Stringreen, after what you wrote about the bristles attaching to the cartridge I am going to pass. Thanks for the warning.
Stringreen, after what you wrote about the bristles attaching to the cartridge I am going to pass. Thanks for the warning.
Stringreen, after reading what you wrote I am going to pass on the Mapleshade. Thanks for the heads up.
Doug, Although my dad WAS a surgeon, I am not now, nor have I ever been a surgeon (or a member of the Communist Party). However, I am guilty of being an MD who used his degree and post-graduate training as an Infectious Disease specialist to work as a scientist. Ergo, not rich.

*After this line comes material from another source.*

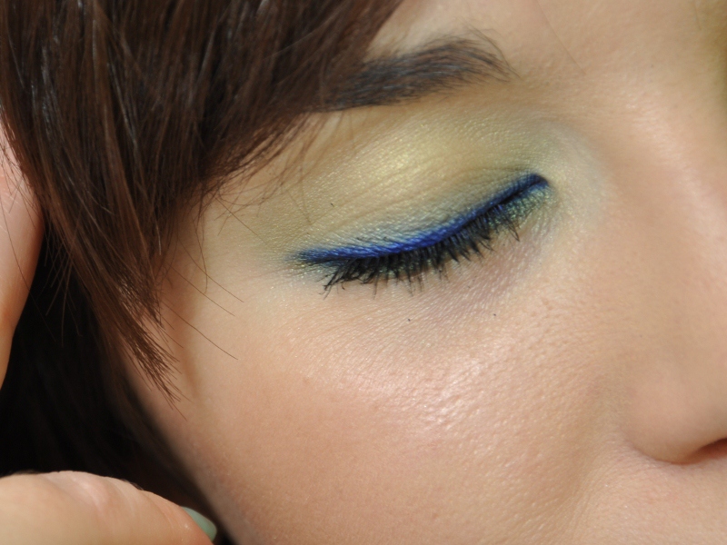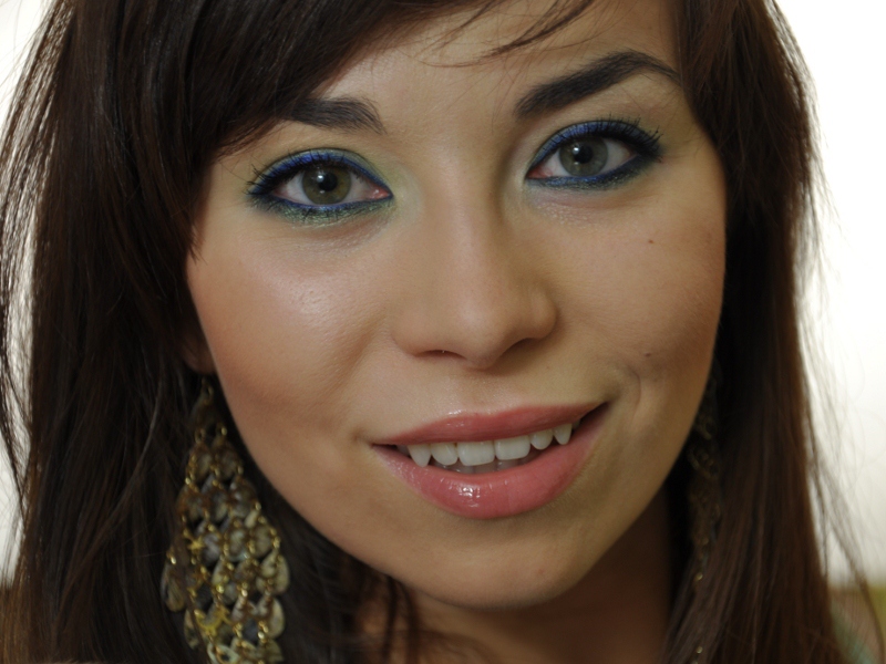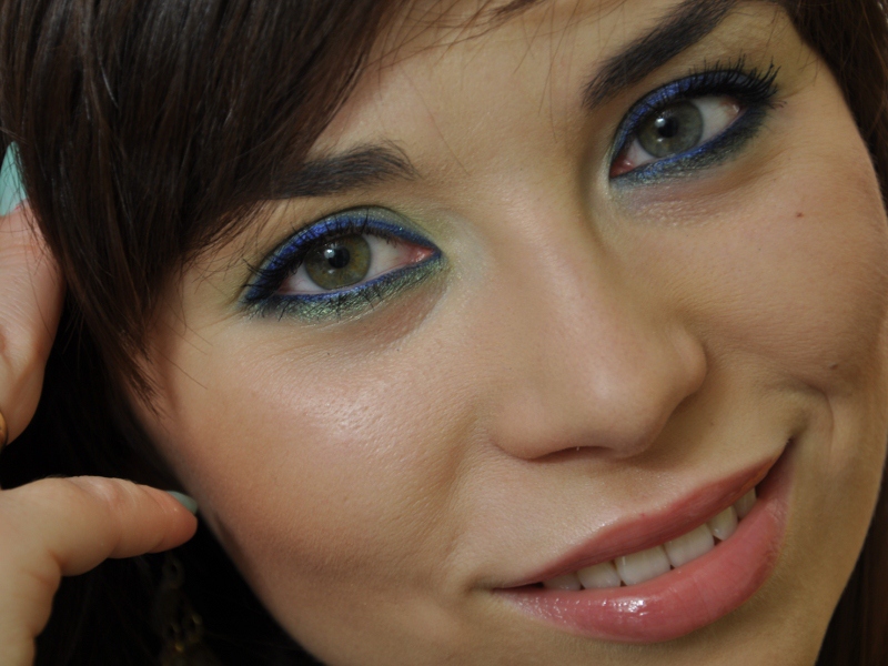 - Zielony cień aplikuję zwilżonym pędzelkiem na powiece ruchomej. Tym samym cieniem rozjaśniam lekko kreskę zielona na powiece dolnej.

The "beauty" of the Furutech is that you can just put your LP into it and shut off your brain; it does the job for you. If you use a free hand demagnetizer, you do have to be careful that you are actually achieving your desired goal. Do you have something you use as a "control", so you know for sure that DE-magnetization has occurred?
There seems to be some slight confusion between a static electrical charge (Volts) and a magnetic field (Gauss). Generally speaking one should use BOTH a demagnetizer and an ionizer or negative ion generator whatever on cables, CDs, LPs and the like.
I have been using a Mapleshade brush for about a year. It has some good points and some bad. It is currently on my workbench while I try to get access to the remains of the ground wire still embedded in the handle. As many times as I have stepped on & broken the little wire, I really wish it had been implemented with some kind of pin and jack that disengages pulled too hard.

On the other hand, though, it does a really good job of cleaning up grundge when used immediately before wet-cleaning on my Nitty Gritty. This one-two punch has made many of my older recs give up their pops and tics even after multiple cleanings with just the NG had failed.

Also, it is useful for cleaning dust from surfaces that are really delicate. For users of the Boston mats, which are built of soft graphite material sealed with a thin, hard coating to prevent wear, it can be a big help. I also get a cleaner sound from CD/SACD playing when lightly brushing them and the open tray before playing.

I knew you were too smart to be just a medical mechanic! ;-)

Do you have something you use as a "control", so you know for sure that DE-magnetization has occurred?
I've used the device to intentionally magnetize, de-magnetize and re-magnetize needles and paper clips. This is easy and repeatable.

One could tape a paper clip down next to the LP when using the device, then test it afterwards to ensure it's de-magnetized. I haven't bothered, but that would be a reasonable procedural control.
It seem my problem mentioned on another thread may have been answered here. That is, the magnetic particules that have attached themselves to the cartridge body on (some) of my cartridges (I haven't checked them all).

I have been using a static-draining brush (with drain wire) for years. It may be the brush is the source of the ferrous particles attaching themselves to my cartridge(s).

I believe I bought it from Acoustic Sounds quite a few years ago, now.

My experience with the occasional shedding of a tiny wire strand mirrors Stringreen's. As a result I don't use the Mapleshade brush preemptively-- rather only on occasions when static is an identified condition. On the positive side, this brush is far more effective and simple to use than the old Zerostat gun.
I’ve been swearing by these for years, just purchased my third one (two in use). I’m glad they fixed the strain relief issue! They’re not cheap unless you compare it to my old useless Zerostat gun, then it’s quite the bargain.
It is a piece of junk. The best is Furutech Destat 3 other wise save your money.HELLO!!
Are you gonna say you do this process each time you play a record ?

Maybe I’m lucky, but I have no idea what the OP is talking about, I rarely use even a Zerostat Gun as I don’t have static issues with every LP. Carbon fiber brush all the time.

Vinyl demagnitizer is interesting, but the metal is in black vinyl formula (to make it black), this is the reason why Analogue Production using UHQR vinyl now and it’s not black.

Anyway, I’m fine with my vintage vinyl collection without any special devices, except for carbon fiber brush and zerostat gun.